Good data protection makes for good business
Data and algorithms are the new operating resources
As individuals, entrepreneurs and society at large, we are spending more and more time online leaving an ever-larger digital footprint. We transmit data that is condensed into profiles and reveals much about our personality as well as our political preferences and tastes as consumers. Whoever has access to that data can influence people, steal identities, and cause harm.
However, data is not only valuable from the point of view of the individual, but is also a fundamental production factor for businesses operating in the digital space. Where classic industrial companies consisted of plants, reactors, halls, and workshops, today algorithms, software and databases are the very means of production.
That's why protecting the technical infrastructure is not just important to comply with data protection requirements but furthermore is a fundamental element in safeguarding creation of value in a modern business. If company secrets are spied out, data leaks out, or ransomware paralyzes entire systems, this can easily spell the end of a company.
Data protection and a reliable corporate IT setup are one and the same thing.
IT Security as the basis for every company with electronic data storage
To protect not only personal customer, employee, and supplier data, but also company know-how, trade secrets and digital resources, sensible technical protection measures must be introduced to ensure the integrity, confidentiality, and availability of data. The existing safeguards need to be constantly checked for security gaps, and there must be processes in place to keep all systems up to date at all times.

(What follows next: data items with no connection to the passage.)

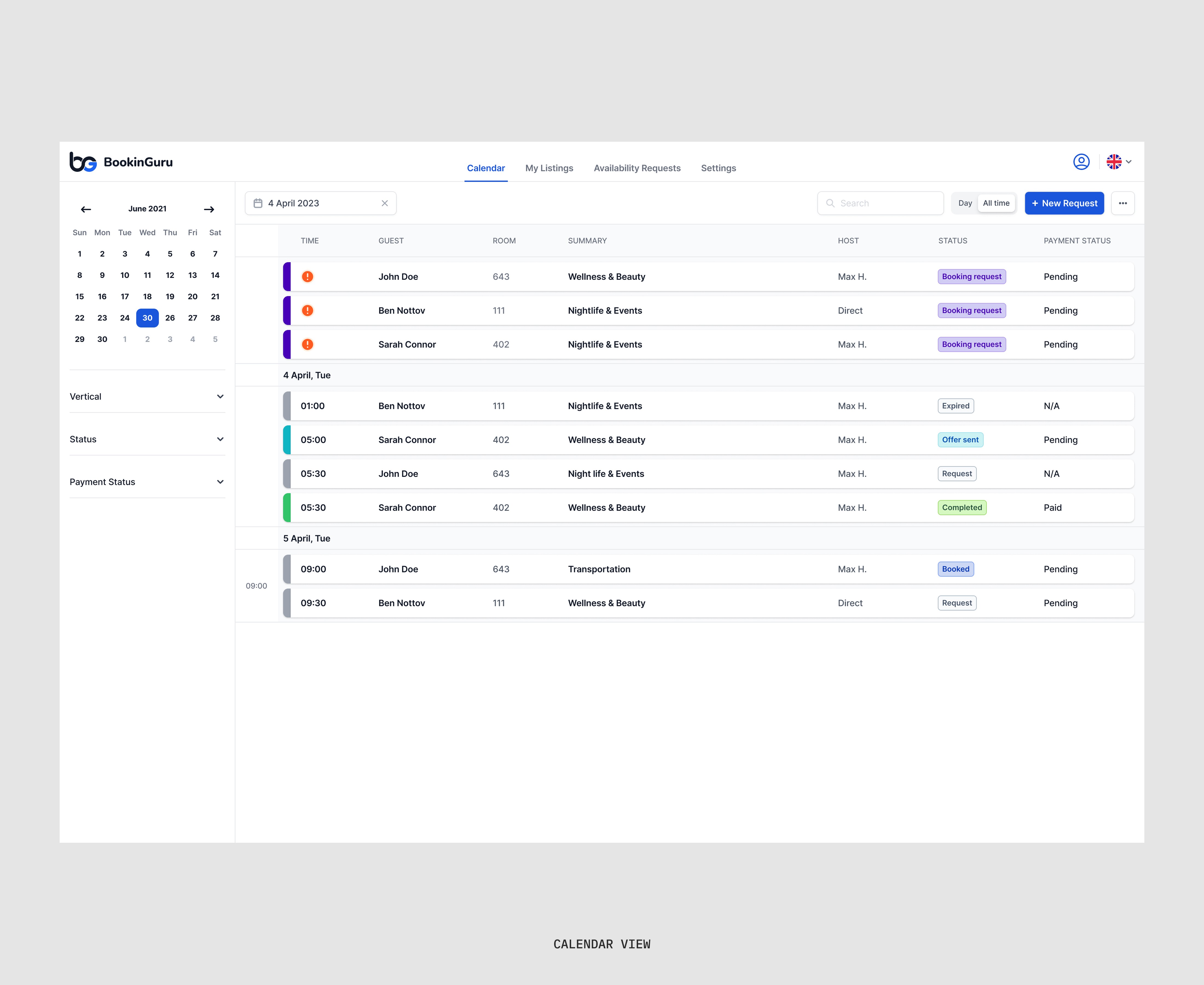 I started by mapping every major user flow with the business analyst. BookinGuru has many layers — a calendar for concierges, service listings for providers, custom catalogs for hotels, and booking dashboards for guests.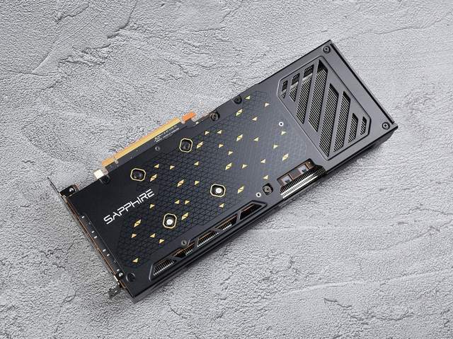 蓝宝石RX 7650 GRE 8G D6黑钻版OC显卡背部采用一体式金属背板,可保护PCB的同时加强散热,尾部有大面积镂空部位辅助快速散热。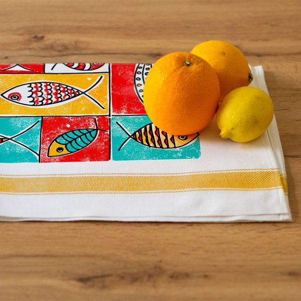 Porta l'arte in cucina e rendi la preparazione di ogni pasto un'esperienza vivace e colorata. Lo strofinaccio Pesci Mondrian è realizzato in puro cotone ed è decorato da una stampa serigrafica con pesci e geometrie colorate. La linea Pesci Mondrian con un design geometrico, colorato e audace, omaggia il noto artista omonimo e porta sulla tavola la vivacità e il gusto tipici dell'arte moderna.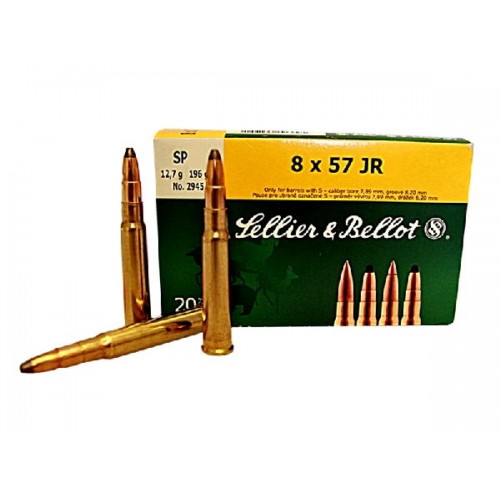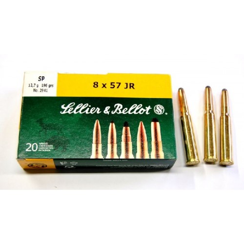 Патрон 8x57JR снабжен классической полуоболочечной пулей с открытой носовой частью SP (Soft Point). Свинцовый сердечник сильно оголён. Благодаря конструкции обеспечивает быстрое раскрытие и нанесение очень тяжёлой раны, вследствие чего обладает огромной останавливающей силой. В соответствующих калибрах, хорош для отстрела крупного опасного зверя на коротких дистанциях.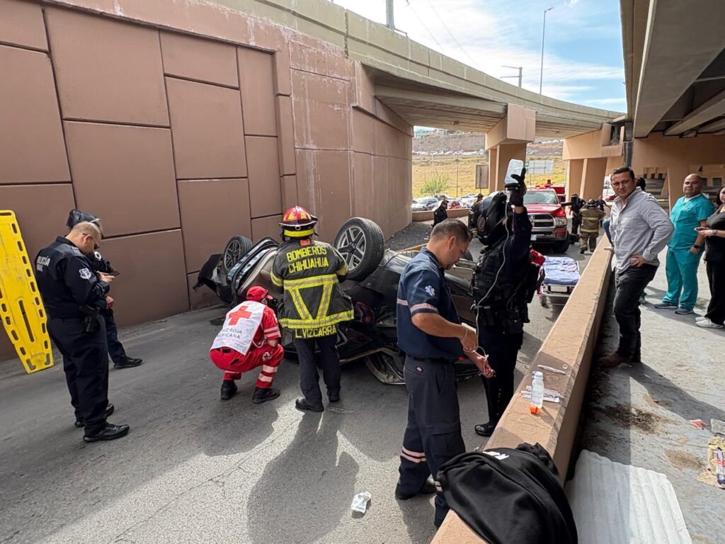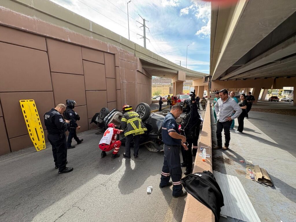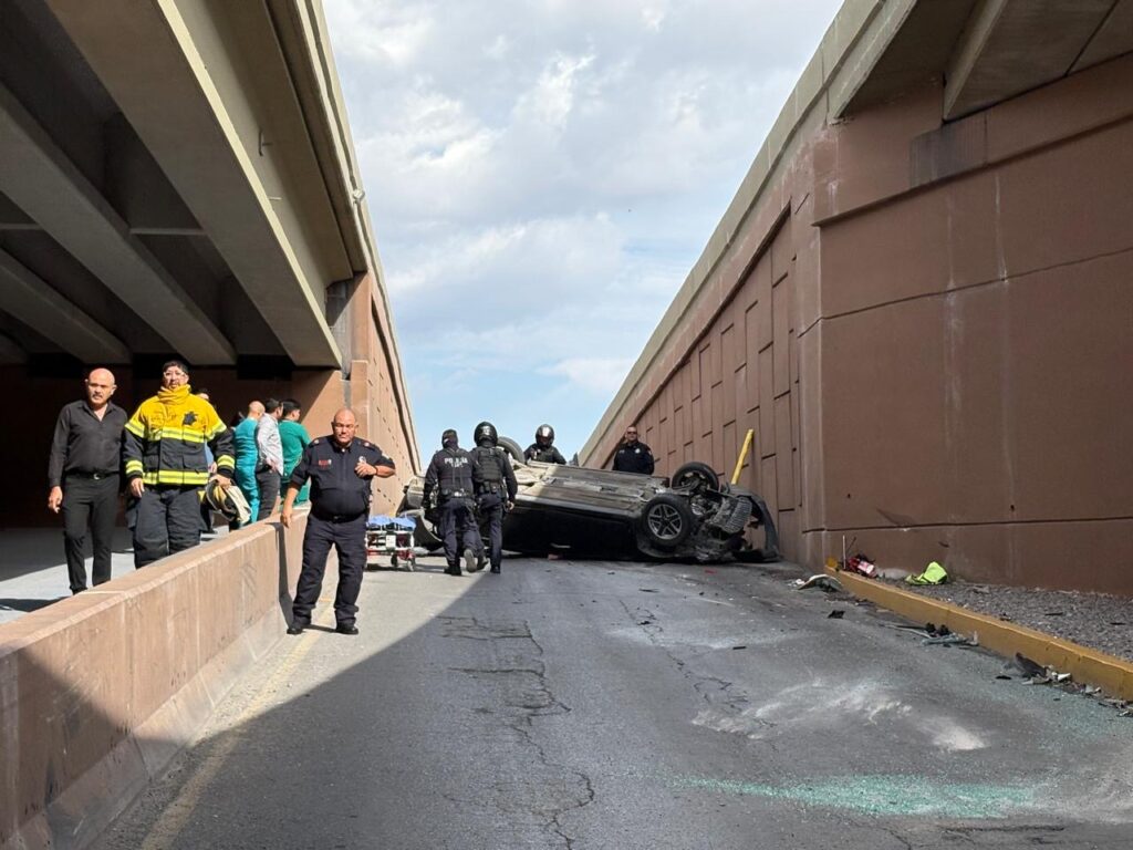 Un impresionante accidente se registró este mediodía sobre el periférico De la Juventud. Se trató de un choque con volcadura sobre periférico de sur a norte, cuando circulaba el conductor de un Nissan Sentra sobre el puente de vía Sicilia.

This shows that companies practicing good technical data protection do also protect their business - they kill two birds with one stone. Data protection, properly understood, is not an "additional task," not a burden, not bureaucracy, not an extra to the actual business tasks. Rather, data protection is in itself an increasingly important and central task. And on top of that it is also important in order to be able to do business successfully in the digital sector in the European Union going forward. With watchdogs growing teeth and consumers taking those things more seriously, compliance with the General Data Protection Regulation (GDPR) and the associated safeguarding of data sovereignty in Europe can become a competitive advantage over other companies that do not comply or only partially comply with the legal requirements.
Technical data protection as a secure foundation
Of course, infrastructure protection alone is not enough for a company to operate successfully. Rather, it must also be ensured that the organizational framework conditions for data protection is complied with.
It is indeed important to discuss whether an employer has the right to ask employees about their vaccination status. This is about balancing fundamental rights and personal freedoms with the rights of third parties and the general public; such issues have to be negotiated again and again. Undoubtedly, it is also useful to have standards for the way in which paper should be shredded so that the individual parts cannot be reassembled into documents. Because yes: that is a procedure often used in industrial espionage. And without structured contracts for commissioned data processing of personal data, it is unclear who is responsible for what.
Above all these questions, however, the IT basis must not be forgotten, which is the foundation for all other measures: It is not enough to create only theoretical data protection through sophisticated lists and contracts. One must actually practice data protection embedded in the very fabric of the business.
In a similar vein: server location vs. cloud provider headquarters
While you are at it: Also check outsourced data storage in data centers, hosting companies, or the cloud for compliance. Make sure that the SaaS and data center providers have both their headquarters and servers within the European Union to be able to offer their services in a data protection compliant manner.